Better look at their actions than take their slogans at face value. Applies to everyone
But I have such low faith in the platform that I would readily believe that once they think you're not going to continue adding value, they find unpleasant ways to extract the last bit of value that they reserve only for "ex"-users.
Yeah but the OP got spam within hours. That would be pretty unlikely to have coincided with a breach.
But LinkedIn probably sold the data, they have a dark pattern maze of privacy settings and most default to ON.
It amazing really. If you reached out to people and asked them for the information and graph that LinkedIn maintains, most employers would fire them.
I'm ashamed to say I worked at one such place for several months.
Apollo is probably the most comprehensive source for this. It's creepy as fuck.
It helps a lot but I still get a lot of sales goons. A lot of them follow up constantly too "hey what about that meeting invite I sent you why did you not attend"? My deleted email box is full of them (I instantly block them the minute I get an invite to anything from someone I don't know, and I wish Outlook had the ability to ban the entire origin domain too but it doesn't)
What do you mean by "intelligence platform"?
It's "intelligence platform" in the sense that you can gain a ton of information on individuals, organizations, and relationships that drive it all. If you can track how people move and interact between organizations, you can determine who someone is doing business with and even make an educated guess if that's a sale or interview.
I started writing about it almost 20 years ago: https://caseysoftware.com/blog/linkedin-intelligence-part-ii and turned it into a conference presentation called "Shattering Secrets with Social Media"
But there have been numerous proofs of concept over the years: https://en.wikipedia.org/wiki/Robin_Sage
Otherwise, LinkedIn can be quite useful in searching for a job, researching a company, or getting to know potential coworkers or hires.
Email spam is, to my mind, an inevitability. You should expect waves of spam, no matter what address you use; your email provider should offer reasonable filtering of the spam. Using a unique un-guessable email address, like any security through obscurity, can only get you so far.

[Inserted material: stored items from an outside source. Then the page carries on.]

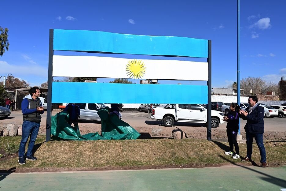 En consecuencia, jerarquizando la entrada se descubrió una bandera argentina, elaborada por el equipo metalúrgico, de 5 x 3 metros.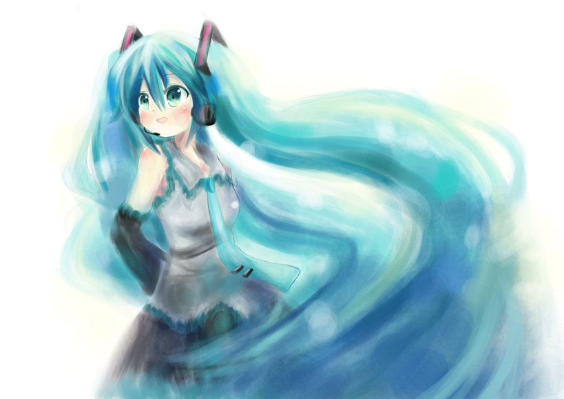 aqua eyesaqua hairdetached sleeveslong hairnecktieskirtsmilesolosquare-end necktiethighhighsvery long hair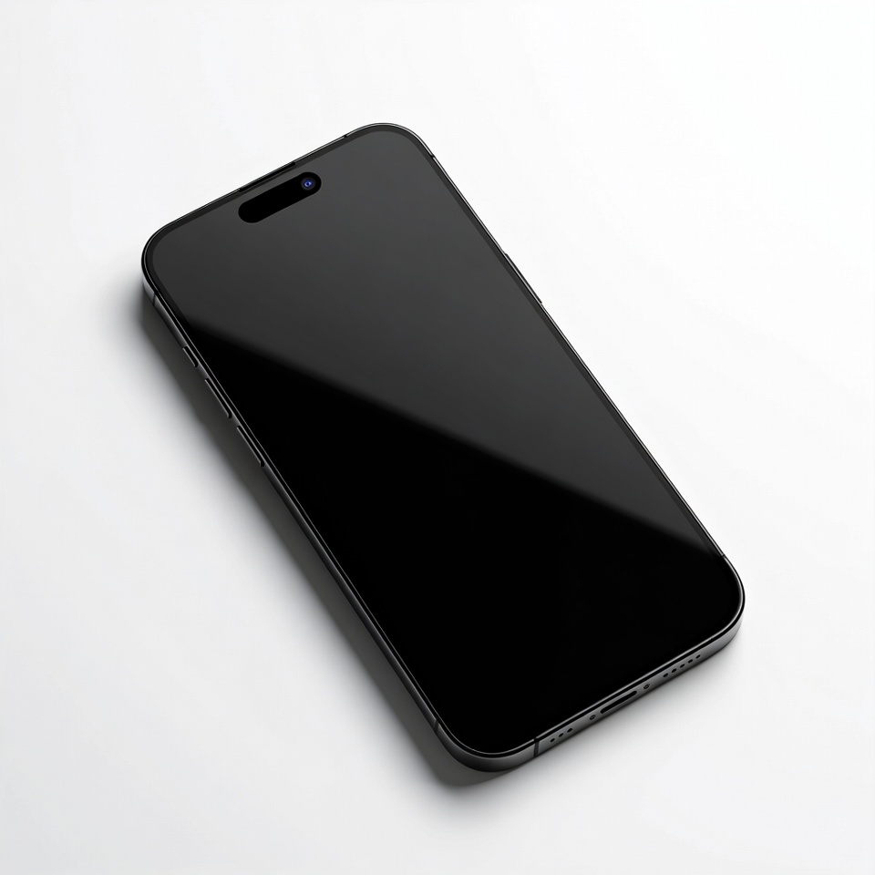 A sleek black iPhone 14 lies angled on a plain white background. The screen is completely black and reflective, with the notch visible at the top. The device shows its slim edges and camera module on the back.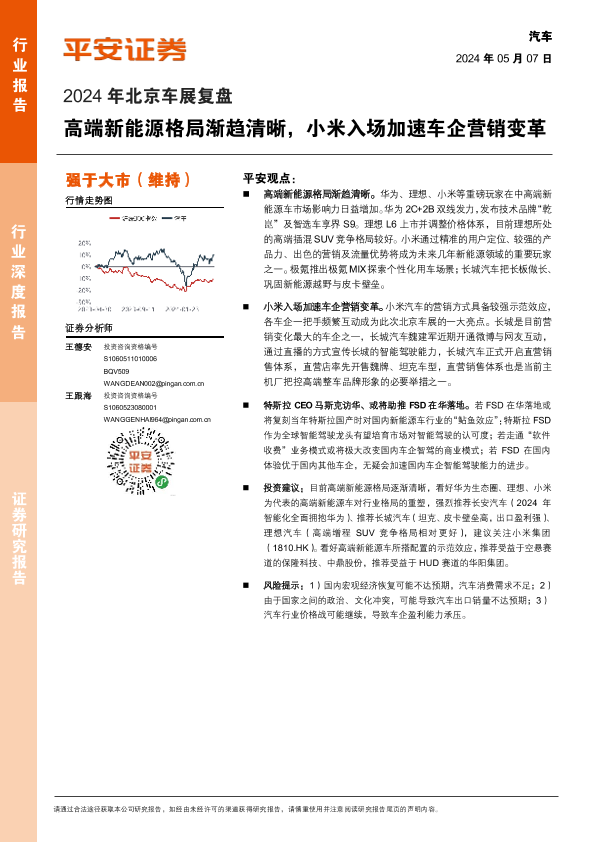 【平安证券】【20240507】汽车行业2024年北京车展复盘:高端新能源格局渐趋清晰,小米入场加速车企营销变革-15页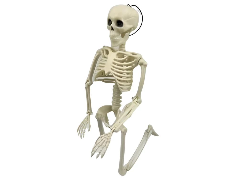 - Emberi csontváz 40 cm magas, ideális Halloween dekorációnak. Mesterséges anyagokból készült, valósághűen reprodukálja a csontváz megjelenését. A kialakítás lehetővé teszi a felakasztást, így tökéletes ijesztő hangulatot teremthet beltéren vagy kültéren. A csontok és ízületek részleteit gondosan reprodukálták , így hiteles megjelenést kölcsönöznek neki .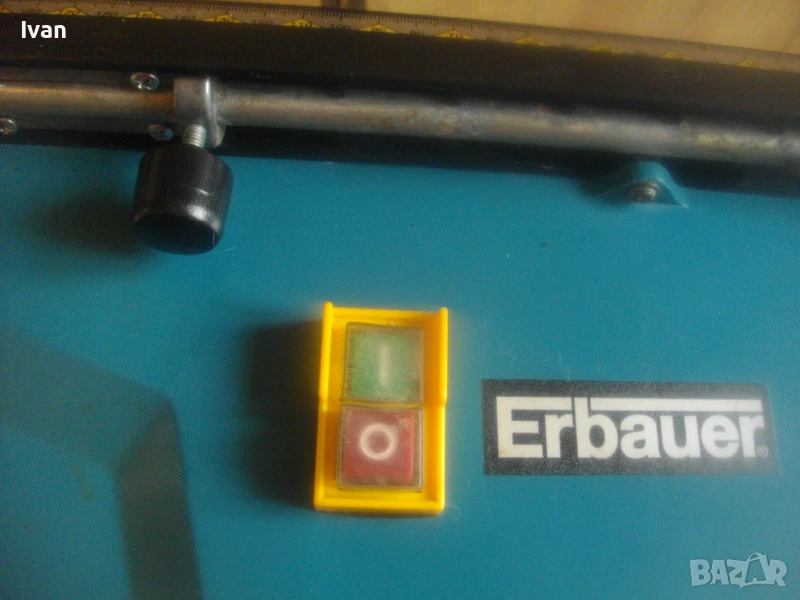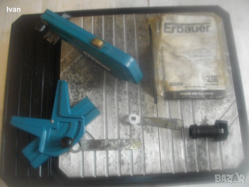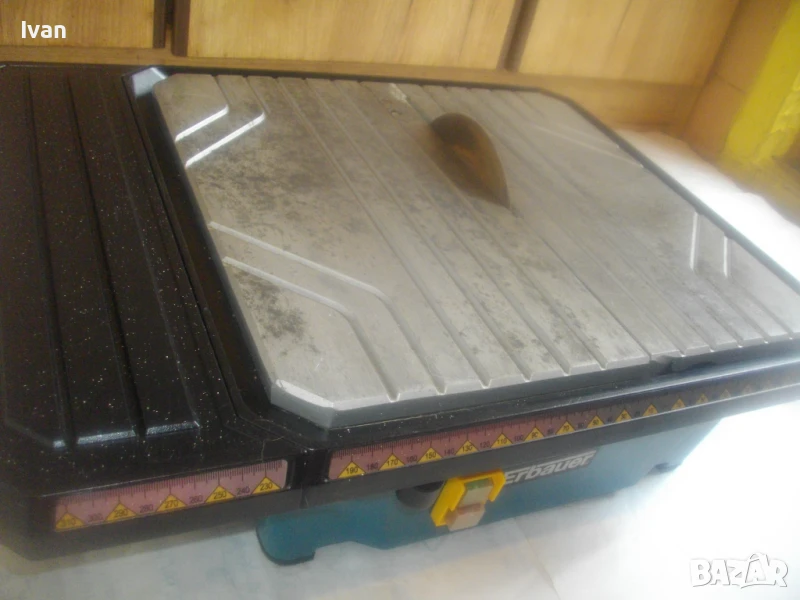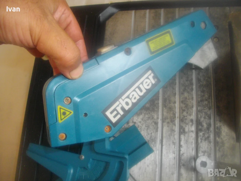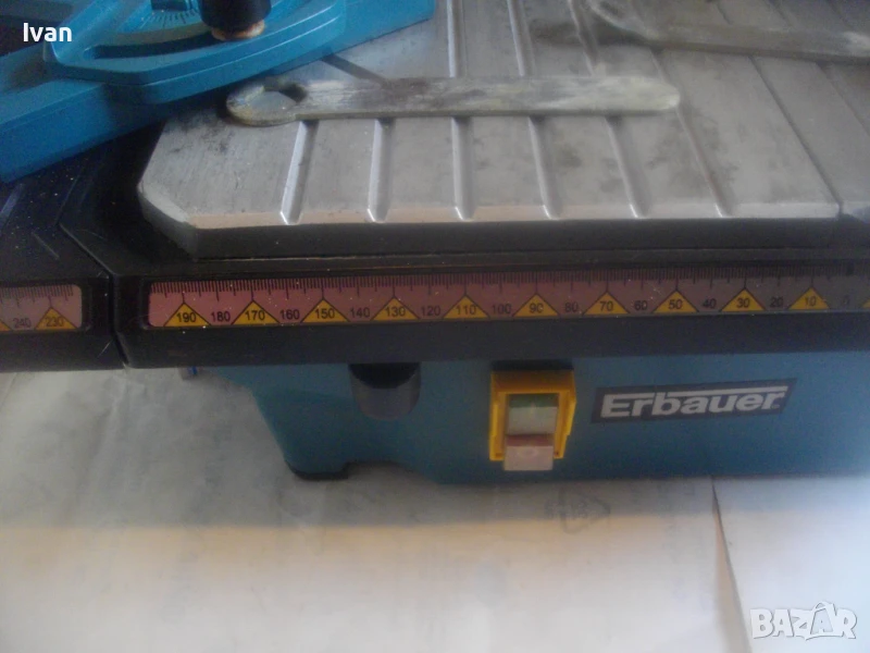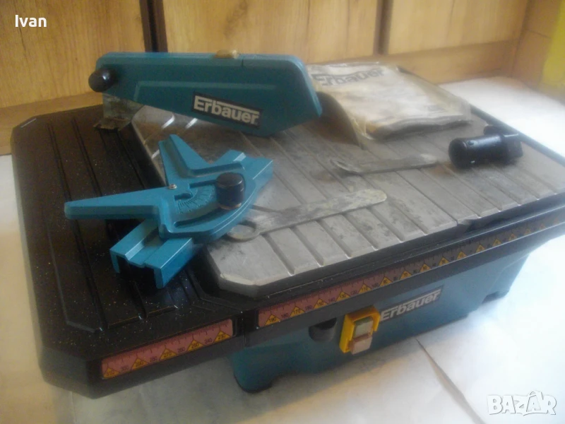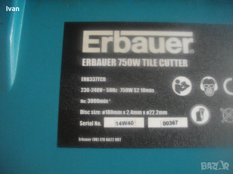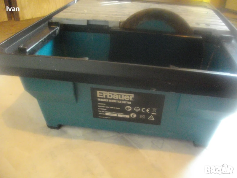 Почти нова, силна и мощна 750 ватова ел. машина за рязане на всякакви плочки теракот гранитогрес камъни облицовки тротоарни плочи и други керамични и бетонови повърхности с дебелина до 30 мм, с лазер на капака на диска и вградена вана за вода при мокро рязане. Марка и модел на машината - Erbauer ERB 337TCB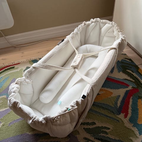 Ble brukt når vi lå på sykehuset og et par ganger hjemme i sofaen i starten. Har siden stått lagret.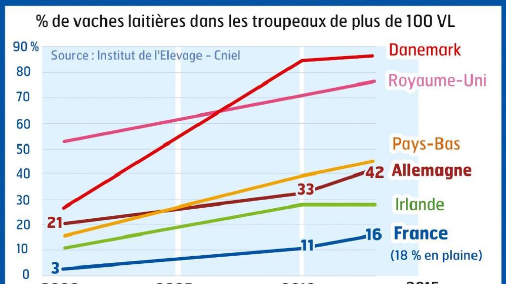 L'agrandissement est clairement en marche en France comme chez ses voisins. C'est ce qu'a constaté Christophe Perrot, économiste à l'Institut de l'élevage, lors de la journée Dairyman, à Rennes (Ille-et-Vilaine), début avril :« En France en 2013, 16 % des vaches vivent dans des troupeaux d'au moins 100 vaches laitières, contre 3 % en 2000. » La tendance à l'agrandissement est manifeste, mais avec des différences. La France et l'Allemagne restructurent plus vite, avec une baisse du nombre d'élevages de, respectivement, 5,1 % et 4,1 %/an entre 2007-2008 et 2012-2013. Le taux ralentit en Irlande, car la politique volontariste a conduit à créer de nouveaux élevages. On constate un coup d'arrêt au Danemark, dû à la crise de 2009 qui a stoppé les investissements des gros élevages. Une analyse plus fine montre des écarts marqués entre les régions en France et en Allemagne. En Bavière, seulement 8 % des vaches se trouvent dans des troupeaux de 100 vaches laitières ou plus contre 51 % en Basse Saxe. Elles sont 28 % en Poitou-Charentes, ou 25 % en Bourgogne, mais 14 % en Bretagne et 8% en montagne-piémont.

Selling emails is of course bad, but expecting your email that you give to any big corporation to stay private for a long time is, alas, naïve. I've read the fine print; in most EULAs it includes a ton of clauses about sharing your contacts with a bunch of third parties, etc. LinkedIn, in particular, explicitly says that it may share your contacts with advertising partners.
In other words, if you need to enter this space, wear a hazmat suit, expect no niceties.
It identifies users that visit your site and then shows their email, phone number and living place based on their Li profile ;))
After that, I never installed it again (but too late), and I bought a second (non-smart) phone.
It vacuumed the contacts and spammed them with "Join me on WhatsApp". One of the reasons for their initial exponential growth.
Now lots of contact forms (not even necessarily job related!) are treating it as a required field. Pretty distasteful situation.
Confirmed 5 years later in media; https://www.bloomberg.com/news/articles/2013-09-20/linkedin-...
I also saw... not sure what to call them, but honeypot friend requests? I used to get regular requests from profiles I didn't recognize with a generic pretty woman (I'd assume stock photography). Since I ignored them, they would re-request on intervals that were exactly 90 or 180 days. I occasionally glanced at them and there seemed to be no rhyme nor reason to their friends. I'd assume this was also some type of scraping, probably for friends-only profile data.
Too much time / energy on your hands? You gave them a unique email ID (which is always the most sensible thing), that's it.
The non-sensible thing was to sign up kn the first place. Nobody needs these narcisstic, BS spewing pseudo-networking places.
I mean I got my last job through LinkedIn. I'm currently interviewing at a few places, half of which came from LinkedIn. So I personally clearly do need LinkedIn, unless you want to hire me.